3. Look Out for Young Children
Estate Planning is often driven by concern for adult children’s well-being. However, it’s just as important to have a plan in place while your children are young. As mentioned earlier, having a guardianship plan is of paramount importance while your children are young. You do not want the state making this decision. Going a step further, you also want to make sure your assets are managed by a competent adult until your children come of age. Having a financial windfall at a young age, while your children are grieving is a bad situation for obvious reasons. Not only can they make decisions that will harm their financial future, but harming their health is just as easy.
4. Consider Life Insurance
There are few decisions you can make that your loved ones will thank you for more than life insurance. These policies can help with leftover debt, funeral costs, or even replace your income to avoid your spouse having to downsize their lifestyle. Life insurance is also a great way to enjoy tax-deferred growth on the capital gains your policy realizes. The cash value of your policy isn’t taxed unless you withdraw it. You can even borrow against the cash value for a down payment on a house or send your kids to college without being taxed. It can’t be stressed enough, get some life insurance.
5. Name a Beneficiary on Your Financial Accounts
Most bank, investment, and retirement accounts can have a “payable-on-death” beneficiary named. Doing this will avoid long delays due to probate processing and get your assets in the hands they need to be in quickly. Imagine losing your spouse, being hit with funeral and probate costs, only to have finances to handle these obligations frozen. This situation is easily avoided by naming a beneficiary.

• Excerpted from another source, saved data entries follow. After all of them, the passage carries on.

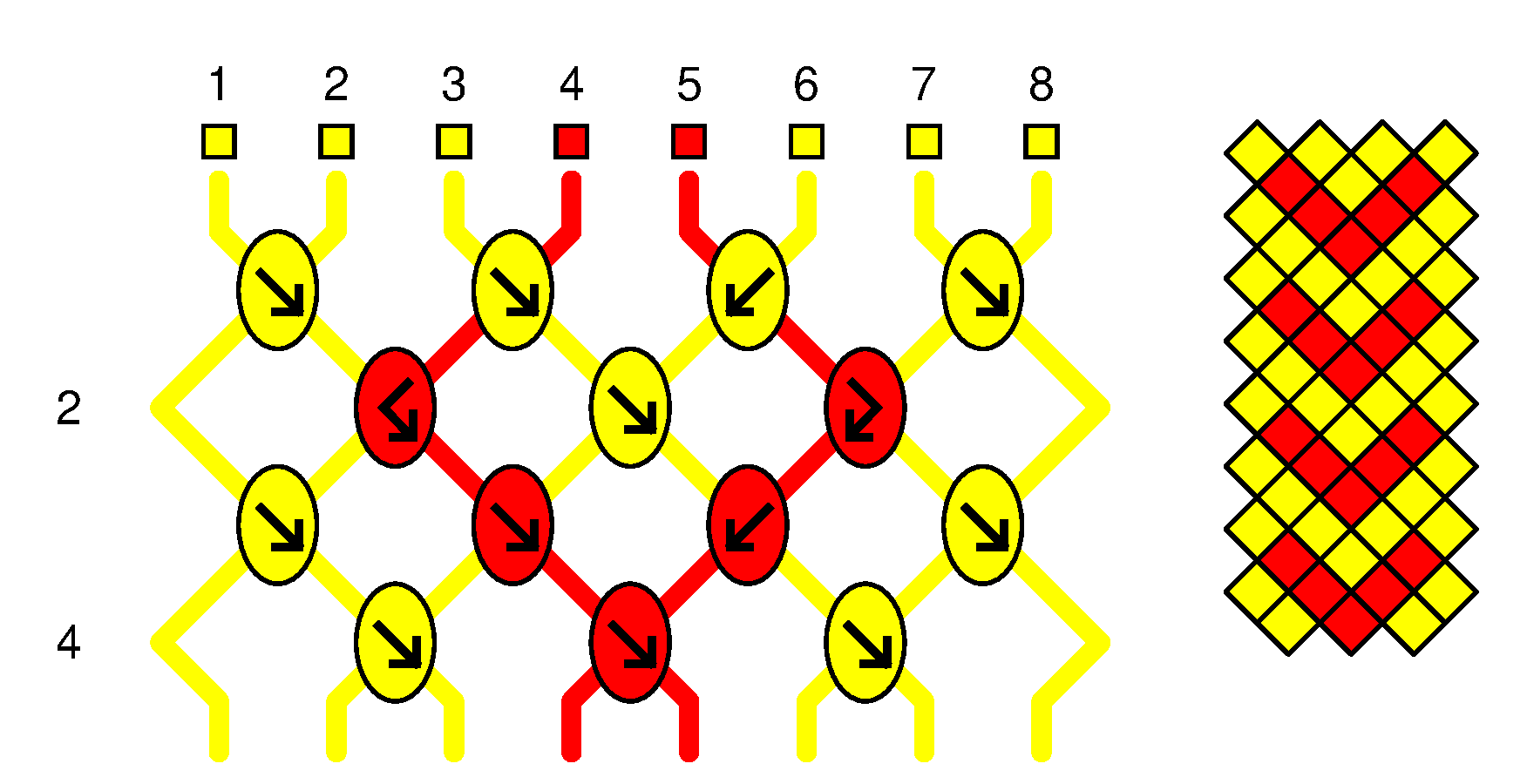 Les rangées paires - les fils à l’extérieur ne sont pas travaillés. | |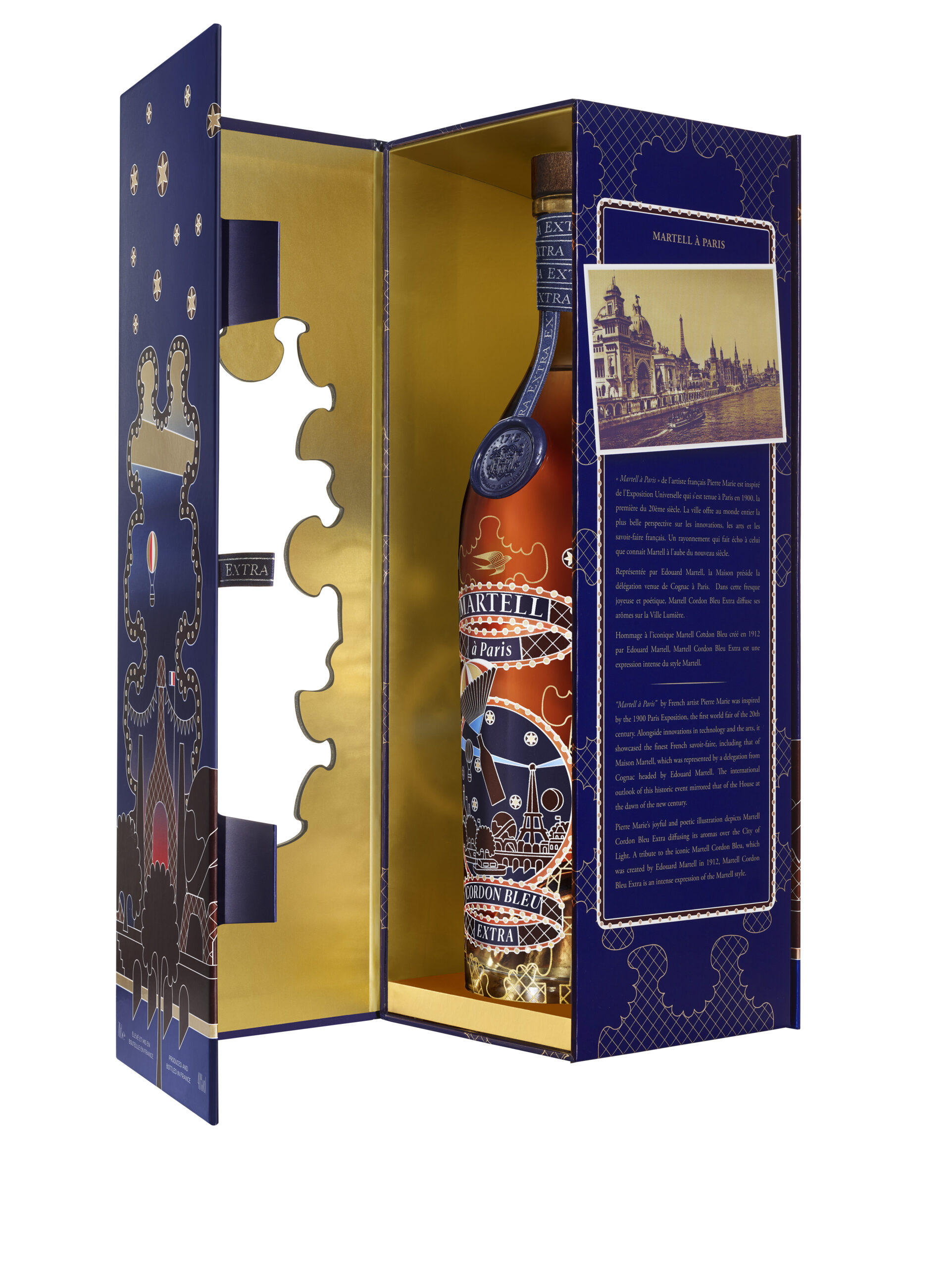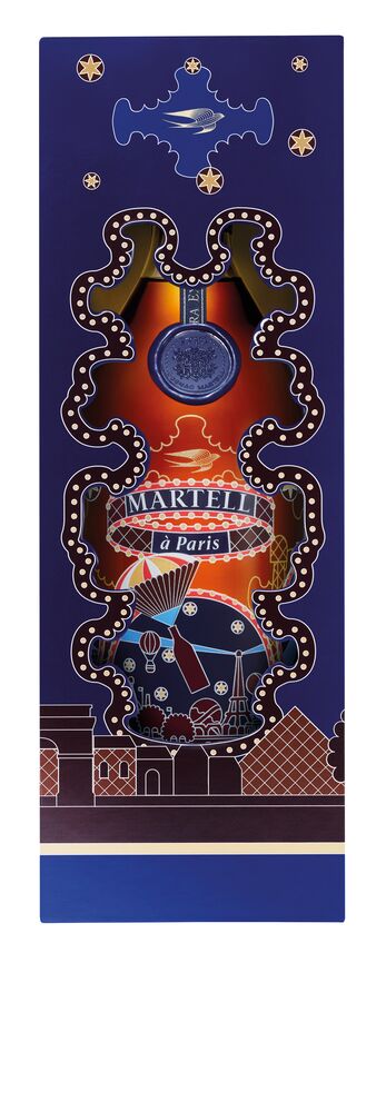 La Maison Martell a fait appel à Pierre-Marie- un artiste français reconnu pour sa capacité à associer les références de techniques artisanales anciennes aux codes de l’art contemporain pour imaginer le décor d’une édition limitée de Martell Cordon Bleu Extra. Ce cognac, qui rend hommage à l’iconique Martell Cordon Bleu créé en 1912 par Edouard Martell, est reconnu comme l’expression aromatique intense du style Martell. L’édition limitée Martell à Paris est inspirée de l’Exposition Universelle qui s’est tenue à Paris en 1900, la première du 20ème siècle. Cet événement permit à la France de faire rayonner son art de vivre et son savoir faire dans le monde entier, à cette période nommée la Belle Epoque ».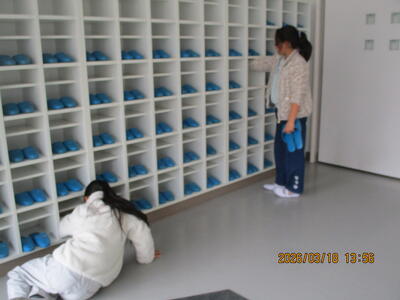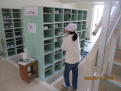 今日は特別日課を組んで、教室の荷物を運び出しながら床をきれいに水拭きしてから、ワックスがけをしました。教室が一つずつ上の学年に上がるための準備が着実に進んでいます。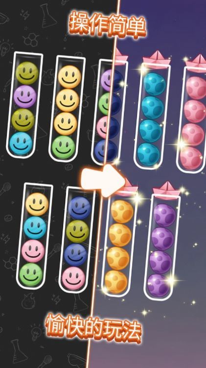 2、玩法简单易懂,带来了各种刺激有趣的球类排序挑战。
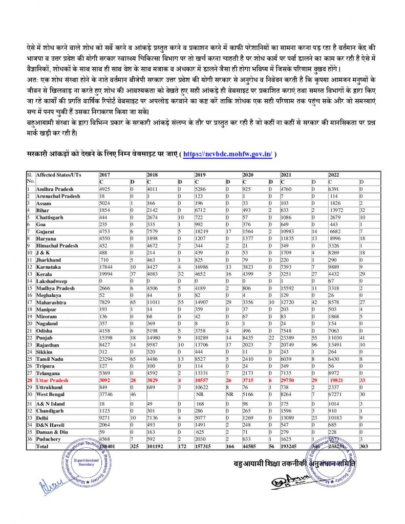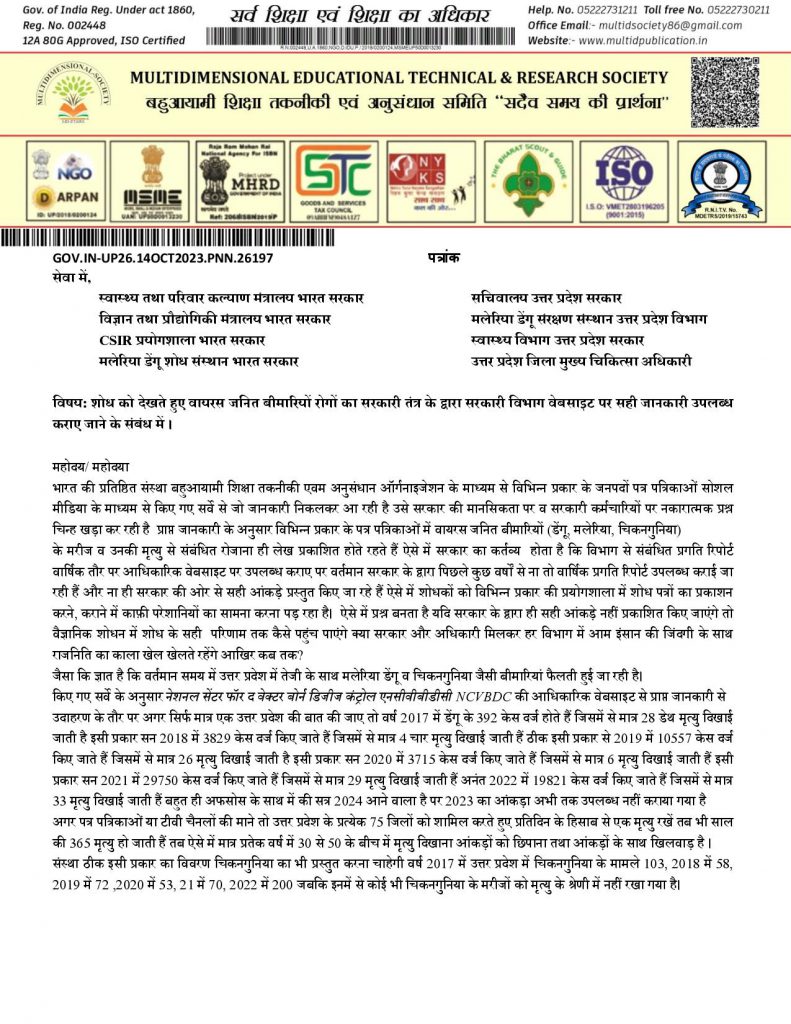 विषय: शोध को देखते हुए वायरस जनित बीमारियों रोगों का सरकारी तंत्र के द्वारा सरकारी विभाग वेबसाइट पर सही जानकारी उपलब्ध कराए जाने के संबंध में ।

Taking this preparation a step further, it’s a good idea to set money aside for funeral costs if you’re able. Again, this money can be tagged as “payable-on-death” and can significantly ease the burden of your death. Your loved ones will have enough on their mind.
6. Understand Your Estate Tax Eligibility
Most of us don’t need to worry about this one, however if your net worth is more than $11.4 million then the government is going to hit you with a hefty estate tax. There are ways to soften the blow here, however it varies from case to case. If you are a high net worth individual, speak to a probate attorney to prepare your estate for this situation.
7. Prepare Your Business
If you have a business with employees, you have a responsibility to ensure they are protected. Every business is different, so this will need to be navigated carefully. Some business owners will name a successor in the event of their passing. Others will have a pre-defined buyout agreement prepared and ready to be executed right away. If you own a business, it’s worth giving this some thought. If you take every step you can to take care of your employees, they will return the favor.
8. Write Your Last Wishes
Last wishes are great way to protect your legacy. By defining what happens to your organs, how your remains are processed, or what kind of funeral you would prefer you can set the tone for how you are remembered. Some people even make a foray into strange eccentricities by requesting strange things like being buried in a car.
9. Take it One Step at a Time
We have laid out a lot to do here and it’s no doubt that estate planning can be an overwhelming process. The important thing is not to accomplish everything in a day, but to simply get started. Maybe add one task to your schedule per week until your entire plan has been built. Remember, Rome was not built in a day!